Anyway, aside from their lack of tech savvy, the production was really quite good. We saw a play written by Alan Ball (creator of HBO's Six Feet Under) called "Five Women Wearing the Same Dress." It was about five different women (obviously) who are all bridesmaids at a wedding. Basically they are hiding out in a bedroom at the reception gossiping, laughing, complaining, and telling stories in an attempt to avoid the festivities downstairs. The style was kind of in the vein of Sex and the City- a sort of "what women really talk about when men aren't around" deal. It was pretty funny, although some of the jokes seemed a little old (but since it was written in 1992 I guess I have to cut Alan Ball some slack.) The only thing Jason and I didn't like was towards the end when they introduced a male character who really did not mesh with the rest of the cast. Basically, he was supposed to come in and sweep the very independent Samantha Jones-type character off her feet and begin to change her hardened views about men. Well first of all, the actor in the role didn't come across as very charming or masculine at all, and it was really hard to believe that the girl would every fall for his type so easily. Plus, he had that very "actor-ish" way of acting. You know those theatre guys who TALK REALLY LOUD and are overly animated to the point where they become a caricature of themselves? Kind of like that comedy sketch from Mr. Show where Bob Odenkirk is yelling "LOOK AT ME! I'M A BIIIIIG ACTOR. I YELL THE LOUDEST! BLAH-DEE-BLAH-DEE-BLAH!" That's how it was. (Apologies to those who have never seen Mr. Show but I think you still will get my point.) The women in the play were all very natural for the most part so it was a very odd shift when he entered the stage. Overall, we really did enjoy the show and it was nice to get out and see some theatre for a change. We usually see a lot of visual art and dance so this makes me want to get out and see more plays now.

Saturday, April 2, 2005

I Always Feel Like Somebody's Watching Me...

For those of you who clicked on the links yesterday after the sites had been taken down let me fill you in a bit on the creepiness: Yesterday I was informed by a very nice random reader that someone other than me was posting pictures of Juliana and Ava on a photo blog. She gave me the link so I checked it out and eventually was led to ANOTHER website by the same person (who went by the name "Gabriel Gessner") who claimed to be married to me and was posting tons of photos that he had taken from my site. He also had renamed the girls Sthella and Evie and had dubbed me "Kim". Can we say it all together? Eeeewwww. The site was written in Portuguese but I was able to translate most of it and basically it was someone's crazy delusion being acted out online. He also had a fair amount of people leaving comments about what a wonderful father he was and how he had such a beautiful family. SCARY. Anyway, Jason sent emails to the places that were hosting the sites and they suspended the guys account and took the pages down.
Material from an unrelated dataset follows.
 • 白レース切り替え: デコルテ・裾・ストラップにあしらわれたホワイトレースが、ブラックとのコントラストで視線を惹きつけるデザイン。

I haven't quite wrapped my mind around the situation fully yet and I'm even more unsure about what to do about it from here. I know that my site gets around 250 visitors a day and though I'm well aware of the number of weirdos out there on the internet I certainly never expected anything like this.
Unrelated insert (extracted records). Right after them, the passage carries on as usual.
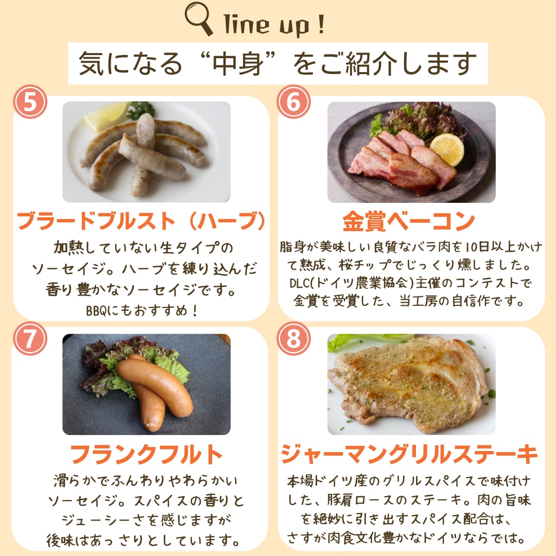 野菜ウインナー / 粗挽きソーセイジ / チョリソー / ピザケーゼ または トマトとチーズのスライスソーセイジ / ブラードブルスト / 金賞ベーコン 180g / フランクフルト / ジャーマングリルステーキ 180g
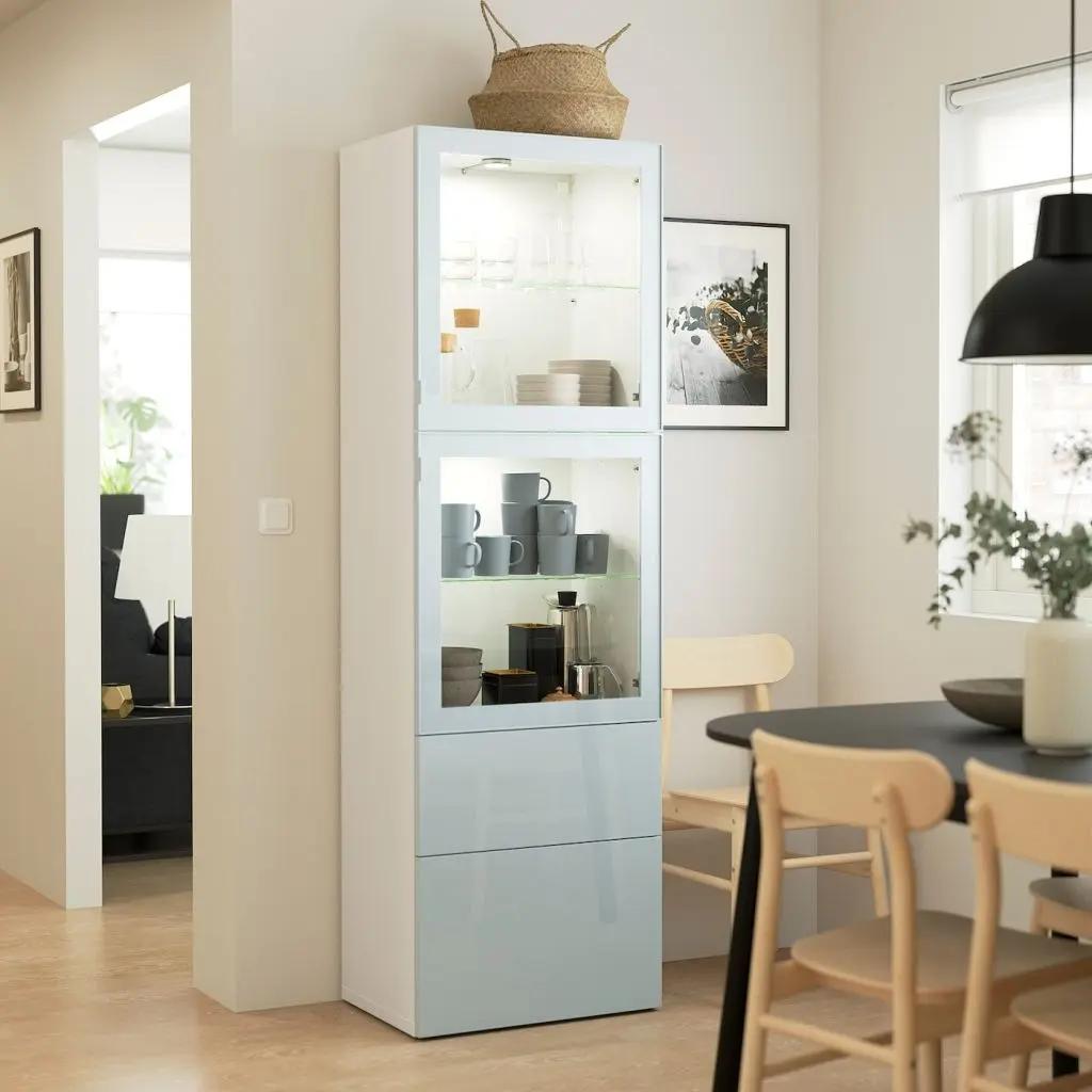Ненужные вещи, которые часто валяются в беспорядке, можно спрятать, а любимые предметы выставить на всеобщее обозрение за стеклянными дверцами. Практичное решение для хранения и демонстрации любимых вещей с уникальным характером.
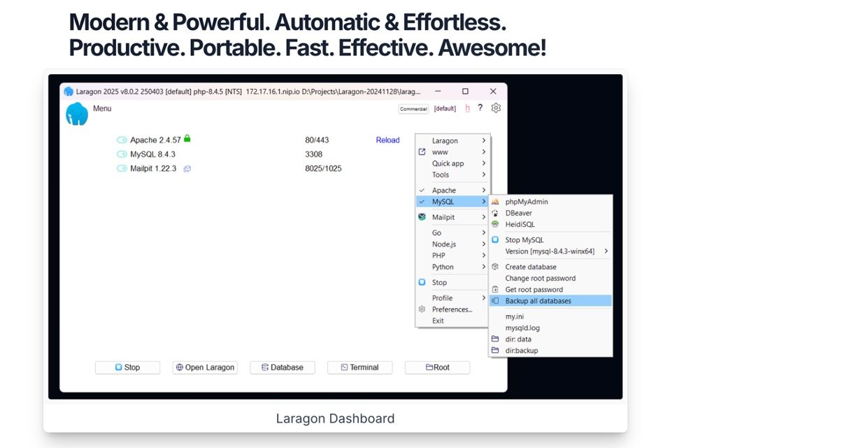 Portable & Crash-Proof: Copy the folder anywhere, auto-backup databases, and run tools like Composer or ngrok without global installs.
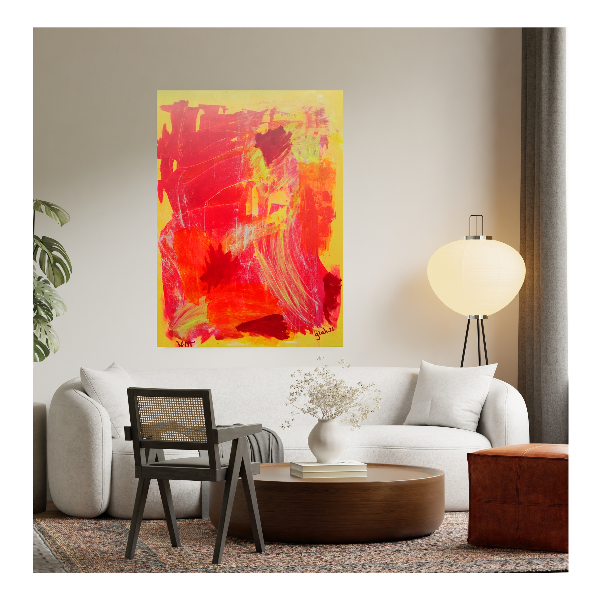 Dette energiske abstrakte maleriet stråler av varme, kraft og bevegelse. De sterke røde og oransje feltene danser over flaten som glødende lag av lys og varme, mens de mykere gule og neongrønne strøkene skaper rytme og dybde. Penselføringen er spontan, leken og intuitiv – full av liv, tekstur og umiddelbarhet.
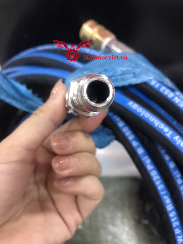 - Với chiều dài 15m cùng bố thép 2 đầu nên bạn có thể thực hiện công việc xịt rửa ở không gian rộng lớn mà không cần phải di chuyển máy quá nhiều.

So that's what happened. We've got a lot of stuff planned for the weekend so I'm going take my mind of of this for now and enjoy myself. Hopefully next week I can get things back to normal around here- as in more talk about frivolous, light-hearted subjects. :-)

Friday, April 1, 2005

Now I Know Why The Internet Scares the Bejeezus Out Of Some People

It has come to my attention that there is person on the internet who is having some kind of identity crisis where they are claiming my family as their own. Why anyone would do such a thing is a beyond me. You can find said person here or here. If you prefer to see the entire web address you can find them at the following:

Do with this information what you will.

UPDATE: Well, apparently the sites have been taken down. I'm happy but still very creeped out.